This error is a potential problem when distantly related proteins are used as templates (i.e., less than 30% sequence identity). Distinguishing between a model based on an incorrect template and a model based on an incorrect alignment with a correct template is difficult. In both cases, the evaluation methods (below) will predict an unreliable model. The conservation of the key functional or structural residues in the target sequence increases the confidence in a given fold assignment.

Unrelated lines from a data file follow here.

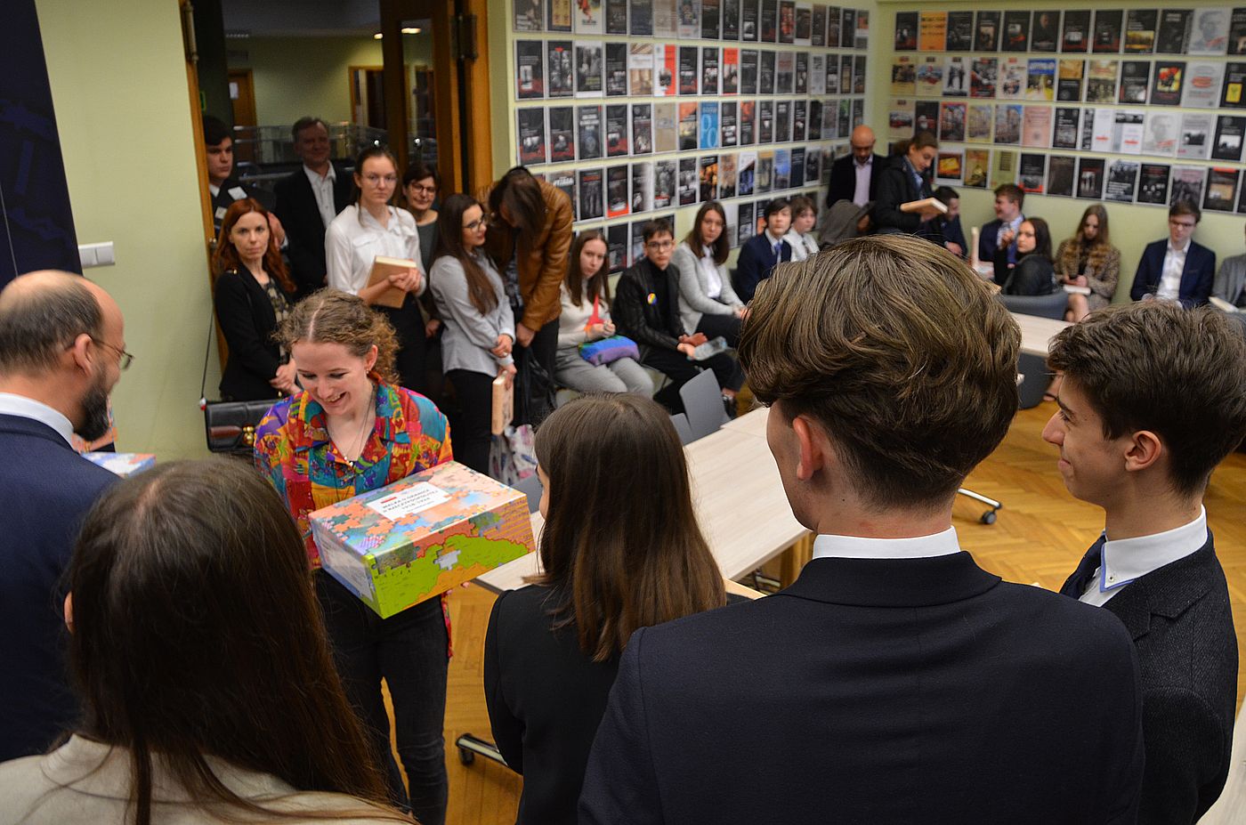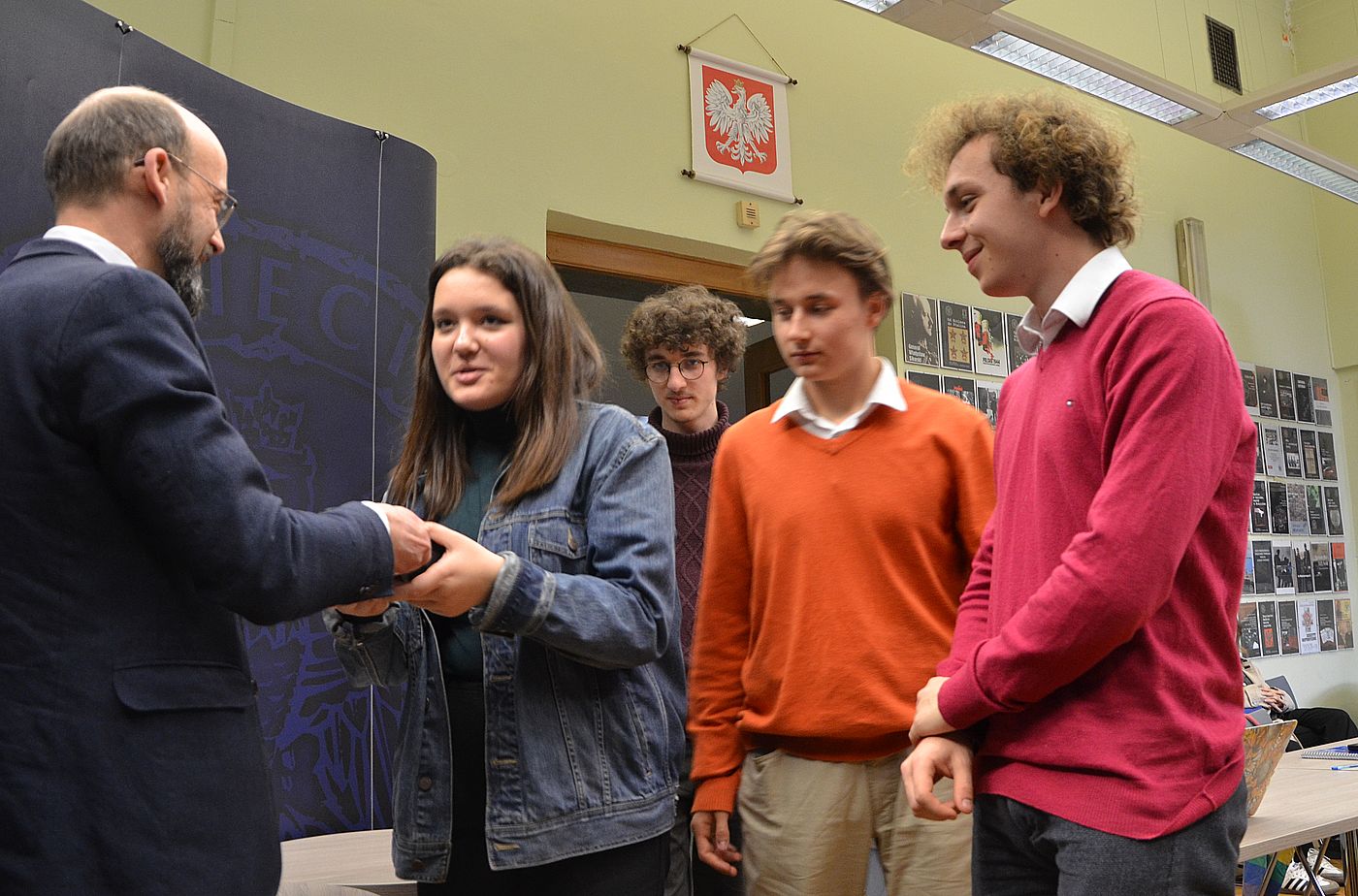 Uczestników turnieju finałowego i ich opiekunów przywitał na „Przystanku Historia” dr Michał Wenklar, zastępca dyrektora Oddziału IPN w Krakowie oraz koordynatorka przedsięwzięcia Katarzyna Łysak. Dr Wenklar wręczy też upominki wszystkim finalistom oraz nagrody zwycięzcom, zdobywcom drugiego miejsca i najlepszemu mówcy.
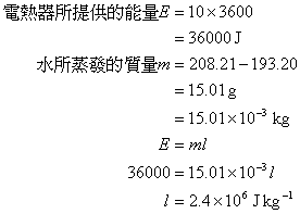 - 如果重覆此實驗,未必能得到零誤差,原因如下:根據題二作出的分析,估計因素 (1) 和 (2) 引起的百分誤差少於 2%,並且或多或少會部分抵消。如果只考慮因素 (3),水吸收的實際能量略少於電熱器輸出的能量,量得的 l 值會比公認值大,估計由此引起的系統誤差為 +3%。又單由因素 (4) 亦有可能出現 ±2% 的隨機誤差。所以如果不知道公認值,此實驗產生的誤差約在 (0 - 5)% 之間。
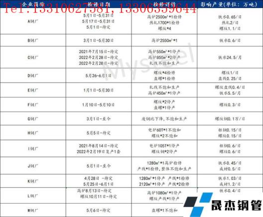 江蘇無(wú)縫厚壁鋼管廠家本周影響產(chǎn)量小幅減少,共計(jì)13家無(wú)縫厚壁鋼管廠家非正常生產(chǎn),較上周檢修停產(chǎn)鋼企數(shù)量持平,目前鐵水影響產(chǎn)量較上周增加0.6萬(wàn)噸 /日,粗鋼影響產(chǎn)量較上周減少0.3萬(wàn)噸 /日,成材影響產(chǎn)量減少增加1.55萬(wàn)噸 /日。5月22日,印度政府出臺(tái)針對(duì)鋼鐵原料及產(chǎn)品的進(jìn)出口關(guān)稅調(diào)整政策。將焦煤、焦炭的進(jìn)口稅率由2.5%、5%降至0關(guān)稅;將寬度在600毫米以上的熱軋、冷軋及涂鍍板卷的出口關(guān)稅由0%提高至15%,不同鐵品位和品種的鐵礦石出口關(guān)稅上調(diào)至45%-50%不等。經(jīng)測(cè)算,該政策對(duì)鐵礦影響較大。同時(shí),我們注意到電爐螺紋利潤(rùn)-197元/噸,電爐無(wú)縫厚壁鋼管廠家持續(xù)虧損將觸發(fā)后期產(chǎn)量收縮,6月份多數(shù)無(wú)縫厚壁鋼管廠家將或面臨繼續(xù)減產(chǎn)的可能。具體情況及各主要品種日均影響產(chǎn)量(單位:萬(wàn)噸)詳見下表:
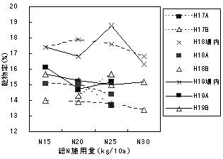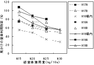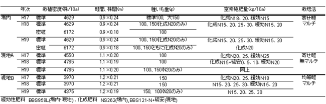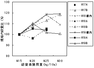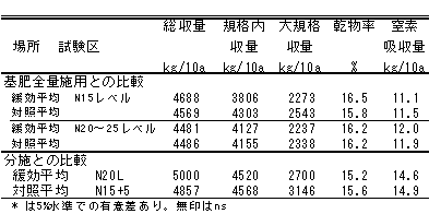 4.成果の活用面と留意点 1) 本成果は、規格内収量4000kg/10aを目標とする際の目安として用いる。 2) 本成果は、十勝中央部の窒素地力の比較的低い(熱水抽出性窒素1〜6mg/100g)火山性土において得られたものである。 3) 本成果で提案した以外の栽培条件は既往の成績に準ずる。 5.残された問題とその対応 1) 施肥窒素の利用率向上方策の検討 2) 現地栽培における乾物率向上方策の検討 |
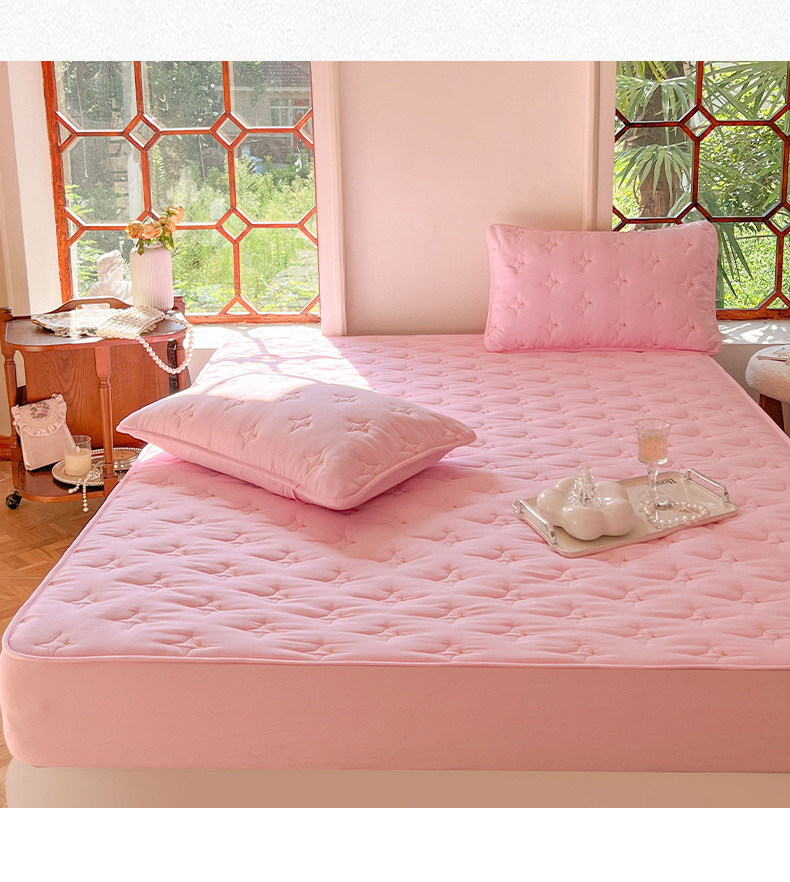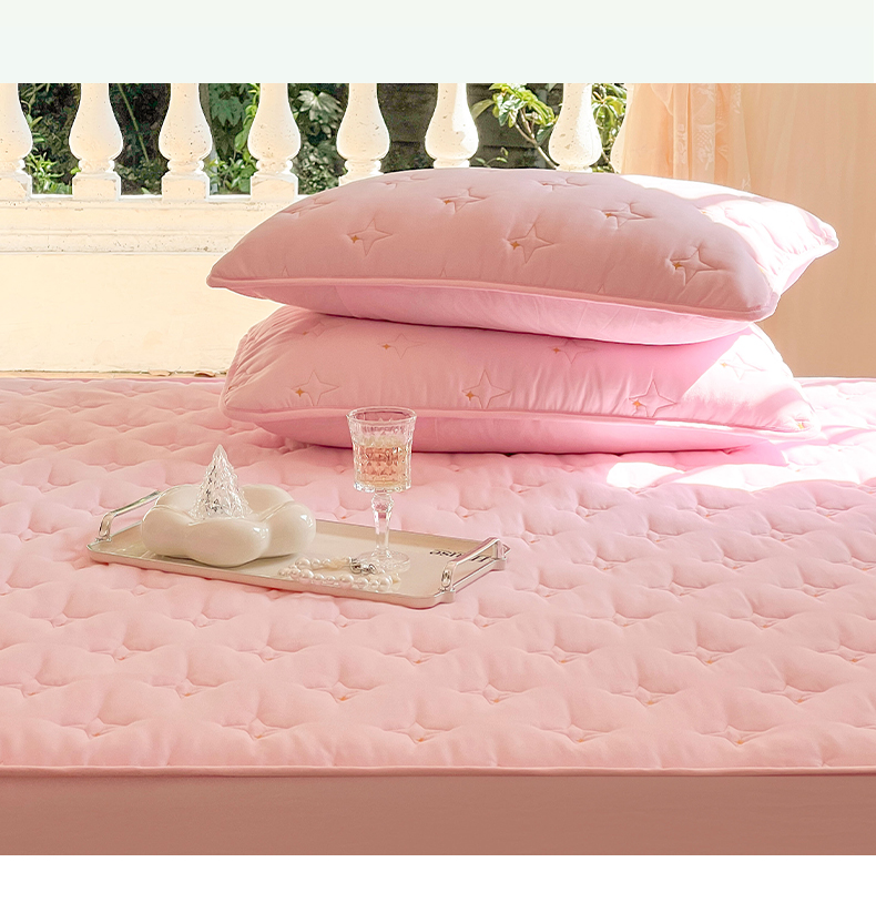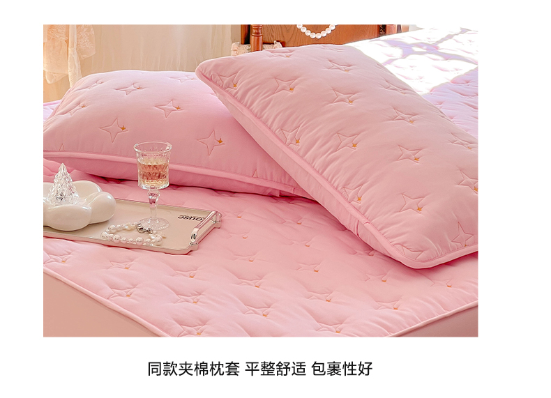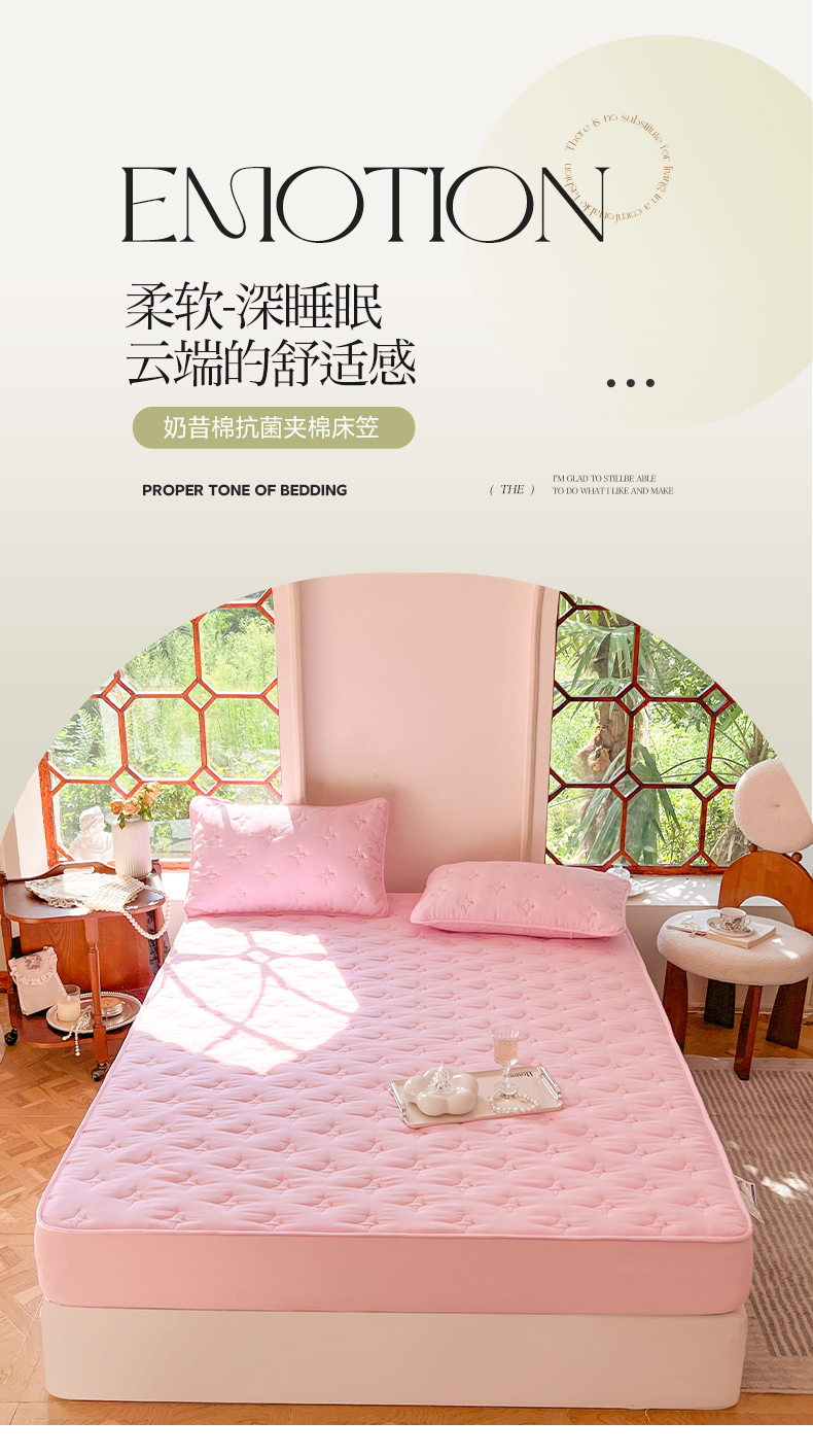 尊康家纺(原磊科) 2024新款奶昔棉抗菌夹棉床笠-心语星愿 粉
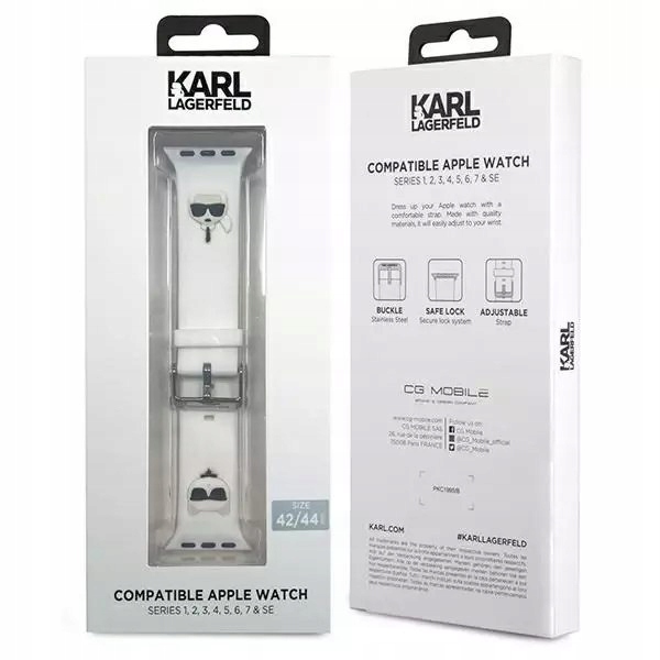 Pasek do smartwatcha Karl Lagerfeld KLAWLSLCKW do Apple Watch 42/44/45mm biały/white strap Silicone Karl & Choupette Heads Karl Lagerfeld
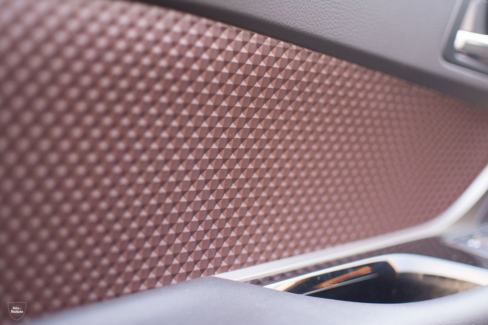 La planche de bord arbore un habillage en cuir surpiqué de couleur. Dans le cas de notre exemplaire, c'est la teinte chocolat qui a été choisie. On la retrouve notamment sur les habillages de portières, avec une texture plus flatteuse à l'œil qu'au toucher. On retrouve aussi des motifs sur le toit, à l'intérieur, du plus bel effet.
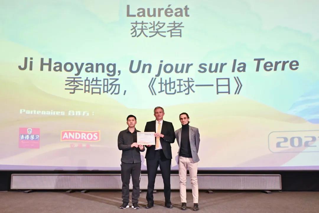 法国驻华大使罗梁阁下(Laurent Bili)为季浩旸同学(左一)颁奖
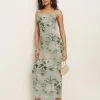 The model is wearing a size 0 and is 5’11”, 24″ waist, 34″ hips, 32″ bust.
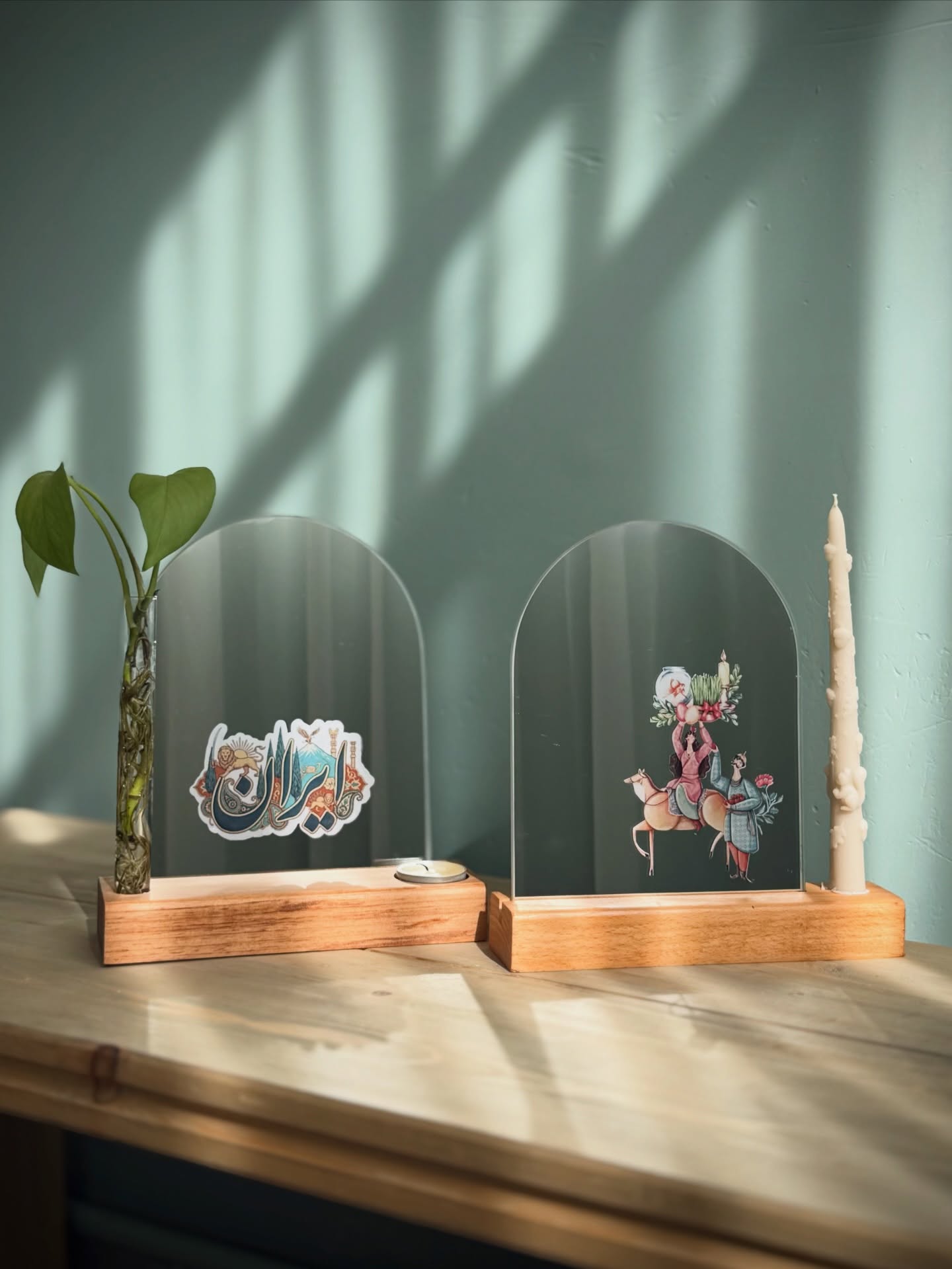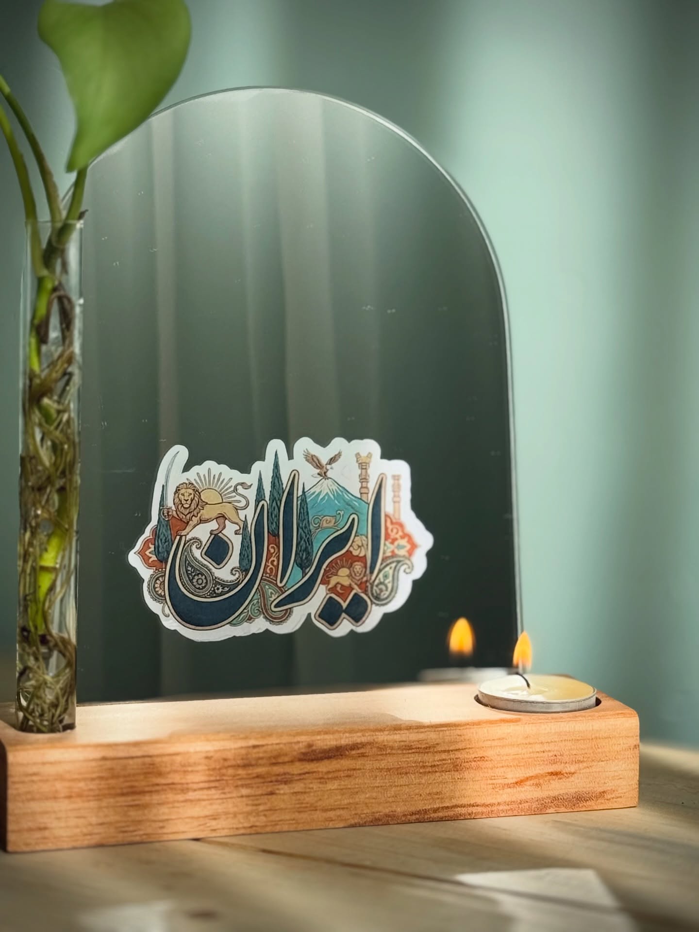 آینه تاج خم پایه چوبی شمع و گل هفت سین

The single source of errors with the largest impact on comparative modeling is misalignments, especially when the target-template sequence identity decreases below 30%. Alignment errors can be minimized in two ways. Using the profile-based methods discussed above usually results in more accurate alignments than those from pairwise sequence alignment methods. Another way of improving the alignment is iteratively to modify those regions in the alignment that correspond to predicted errors in the model. 75 

Segments of the target sequence that have no equivalent region in the template structure (i.e., insertions or loops) are one of the most difficult regions to model. Again, when the target and template are distantly related, errors in the alignment can lead to incorrect positions of the insertions. Using alignment methods that incorporate structural information can often correct such errors. Once a reliable alignment is obtained, various modeling protocols can predict the loop conformation, for insertions of fewer than 8-10 residues. 98,106,111,169

As a consequence of sequence divergence, the main-chain conformation changes, even if the overall fold remains the same. Therefore, it is possible that in some correctly aligned segments of a model, the template is locally different (o3 Å) from the target, resulting in errors in that region. The structural differences are sometimes not due to differences in sequence, but are a consequence of artifacts in structure determination or structure determination in different environments (e.g., packing of subunits in a crystal). The simultaneous use of several templates can minimize this kind of an error. 75,76

As the sequences diverge, the packing of the atoms in the protein core changes. Sometimes even the conformation of identical side chains is not conserved -a pitfall for many comparative modeling methods. Side-chain errors are critical if they occur in regions that are involved in protein function, such as active sites and ligand-binding sites.

Side-chain packing

Regions without a template Model x-ray template Figure 3 Typical errors in comparative modeling. 23 Shown are the typical sources of errors encountered in comparative models. Two of the major sources of errors in comparative modeling are due to incorrect templates or incorrect alignments with the correct templates. The modeling procedure can rarely recover from such errors. The next significant source of errors arises from regions in the target with no corresponding region in the template, i.e., insertions or loops. Other sources of errors, which occur even with an accurate alignment, are due to rigid-body shifts, distortions in the backbone, and errors in the packing of side chains.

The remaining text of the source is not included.